Puse el acondicionador y música, eche el asiento, me relaje
un momento. No dejaba de pensar en Guillermo, en su saco negro, en sus grandes
y peludos brazos. Lance un suspiro algo tonto.
-¿De amor?- Me pregunto Alessa.
-No. Creo que no-
Estoy totalmente confundida y tenía la mirada penetrante de
Alessa, estaba muy sorprendida quería matarme.
-Puede ser tu abuelo Emma-
Me recrimino en todo
el camino a su casa. Subía el volumen de la música para dejar de escucharla
pero ella hablaba más pero más fuerte.
-¡BASTA!- Grite.
Es la primera vez que le grito a una amiga y es que Alessa ya me estaba estresando con todo lo que
me decía. La deje en su casa y me fui, ni siquiera me despedí, estaba muy
molesta. No me gusta estar así. Llegue a mí casa abrí todas las ventanas,
apague todas las luces, y puse música a todo volumen, pegue una hoja en mi
puerta que decía:
"SI NO QUIERES SALIR LASTIMADO MEJOR NO TOQUES"

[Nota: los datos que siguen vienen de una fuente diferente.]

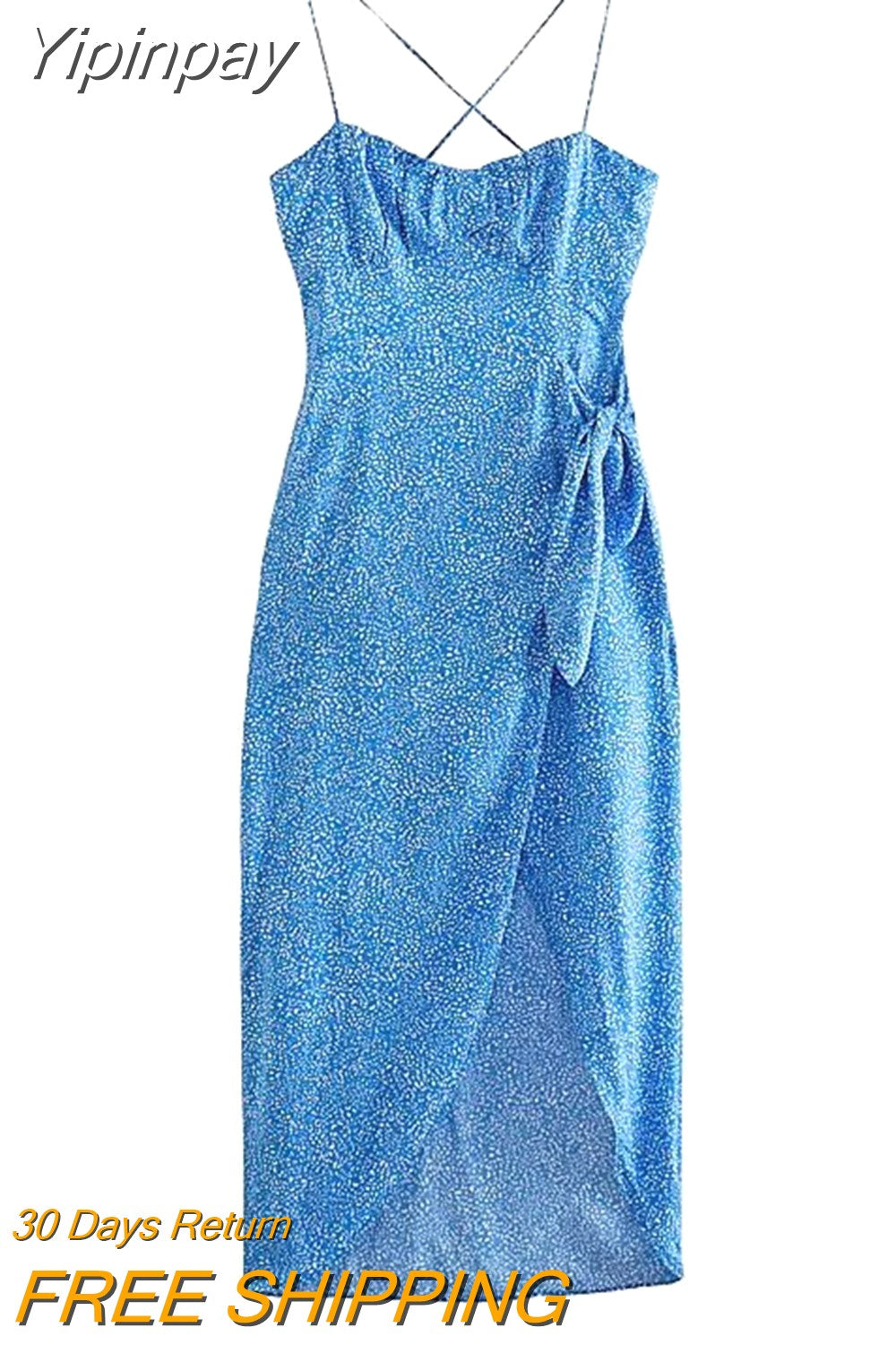 Yipinpay 2023 Leopard Print Corset Dress Woman Knot Slip Long Dress Women Summer Backless Sexy Midi Dresses Elegant Party Dresses

Alessa no deja de llamarme seguro quiere disculparse, no le
conteste, bloquee su número. Me metí a la ducha, salí sin secarme estaba
goteando por toda la habitación, dejando mis huellas. No sabía ni en que
pensar, me puse una bata y me pare en el balcón. Quería hablar con Guillermo, quería
verlo, fumar un cigarro con él. Volví a llamarlo, estaba vez me contesto.
-¿Hola?-
-¿Guillermo?-
-Si ¿Quién habla?-
-Hola, soy Emma-
-Hola preciosa ¿Cómo has estado?-
- Podría decirse que bien ¿Qué haces? ¿Podemos vernos?-
-¿Quieres verme?-
-Quiero darte tu saco negro-
-Ok. Paso por ti-
-Te mando mi dirección por mensaje-
-Ok. Te veo luego-
Deje mi amargura a un lado. Estoy muy emocionada y ansiosa,
tengo una sonrisa de oreja a oreja. Me gustaba, no, me encantaba la idea de
verlo. No sabía que ponerme. Cogí una falda y una chompa ancha, me quedaba
bien, me puse unas balerinas y salí a esperarlo. Me senté en los escalones, el
guapo chico de la 203 me miraba, yo me hacia la loca.
-Ya estoy afuera-
Justo cuando el guapo se me estaba acercando, me llega el
mensaje de Guillermo. Lo busque con la mirada, no sabía dónde estaba, no veía su
carro.
-¿Dónde estás?-
-Al frente, en el carro negro-
Nunca iba a encontrarlo. Era un carro distinto al de la
primera vez. Este me gusta más, los asientos son de cuero, tiene un
reproductor táctil, un olor agradable y frio por el aire acondicionado.
-¿Tienes frió?-
-Un poco-
-Apagare el aire-
-Gracias-
-Pon la música que quieras-
-Esa está bien-
-¿Te gusta el rock?-
-Me gusta de todo-
-¿A dónde quieres ir?-
-Depende-
-¿De qué?-
-De que quieras hacer-
-Dime tú-
-Vamos a escuchar música-
-Perfecto-
No dijimos más. Yo me perdí en la música, lo miraba de rato en rato. Él sonreía. De pronto se
estaciono en un grifo.
-¿Quieres algo para beber? Cerveza, vino-
-¿Pretendes emborracharme?-
-Digo, o si no agua, gaseosa. A menos que quieras emborracharte
¿Quieres?-
-Jajaja No. Cerveza está bien-
-¿Cualquiera?-
-Si-
Me quede en el auto esperando. Lo veía a lo lejos. Regreso con
dos botellas personales. Continuo manejando, no sabía a dónde íbamos y no quería
preguntarle. Llegamos a una casa, muy grande por cierto. Abrió la cochera y se
estaciono.
-Vamos-
-¿Es tu casa?-
Me miro con cara de “No, la de mi vecino” me reí para
disimular la pregunta estúpida que hice. Entramos, realmente es una casa muy
grande y bonita.
-Ven-
Lo seguí hasta llegar a un cuarto.
-No vas a secuestrarme o matarme ¿no?-
-Jajaja No, dijiste que querías escuchar algo de música
y bueno te tocare algo-
-¿Qué instrumento tocas?-
-De todo, pero más el piano. Pasa-
Entre y lo que vi fue sorprendente. Tenía un pequeño estudio
en su casa. Había de todo, guitarras, batería, bajo, piano, etc.
-Hace mucho que no toco-
Abrió una botella y bebimos de ella. Conecto los equipos y comenzó
a tocar. Me perdí en cada nota. Cuando termino se sentó a mi lado. Terminamos
la segunda botella entre risas y silencios. Lo mire sonriendo, él acaricio mi
rostro, yo hice lo mismo. Lo besé.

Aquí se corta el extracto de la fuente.